Shalit Release Is Too Dangerous

Did Israel ask the relatives of those hundreds of Israelis who were murdered about their feelings and opinions pertaining to the release of their relatives’ murderers?

Gilad Shalit is worth more than a thousand Palestinian prisoners. However, is Gilad Shalit worth more than the dozens of Israelis who are likely to be murdered by the very Palestinians who are now to be released in exchange for Shalit? How would you feel if one of these released prisoners subsequently detonated a bomb in a crowded Israeli cafe and your son were one of the dead?

When the Israelis and the Palestinians begin to live in tranquility with each other as the residents of Switzerland, Luxemburg, Monte Carlo, the Netherlands and Belgium live with their larger neighbors, then Palestinian prisoners can be released.

William K. Langfan
Palm Beach, Fla.

Funeral Picketers Are Anti-American

The recent Supreme Court decision upholding the First Amendment rights of the Westboro Baptist Church of Topeka, Kan., to picket at the funerals of military personnel was a victory for our constitutional rights but a defeat for morality in this country. The followers of this so-called church typically gather at the funeral ceremonies of our fallen heroes, accusing them of condoning homosexuality within the military.

These misguided disciples are reminiscent of the Nazis and other fascist elements who persecuted gays, the clergy, Jews, Gypsies and various ethnic peoples in the 1930s and 1940s. They should be looked upon as anti-American bigots who are trying to undermine our military and tear at the fabric of our country.
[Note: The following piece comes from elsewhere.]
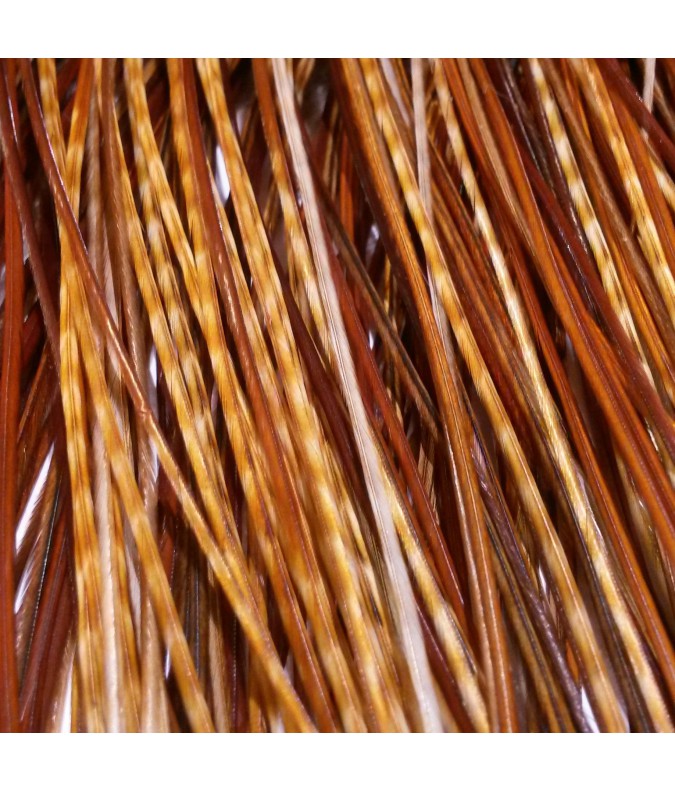 Vous recevrez une plume de couleur rousse dont la partie inférieure est doucement rayée rousse et blonde, d'une longueur de 20 à 24 cm ! Très jolies.

States should pass laws that prohibit such provocative and anti-American behavior within one mile of a funeral ceremony.

Donald A. Moskowitz
Londonderry, N.H.


In “Food Forward Gleans and Grows” (Oct. 14), the photo on Page 16 is of Wendy Wilson, a volunteer with Food Forward; Richard Weinroth is the food bank director at MEND, Marianne Haver Hill is president and CEO; and Food Forward has provided MEND with nearly 200,000 pounds of fruit since Food Forward’s inception.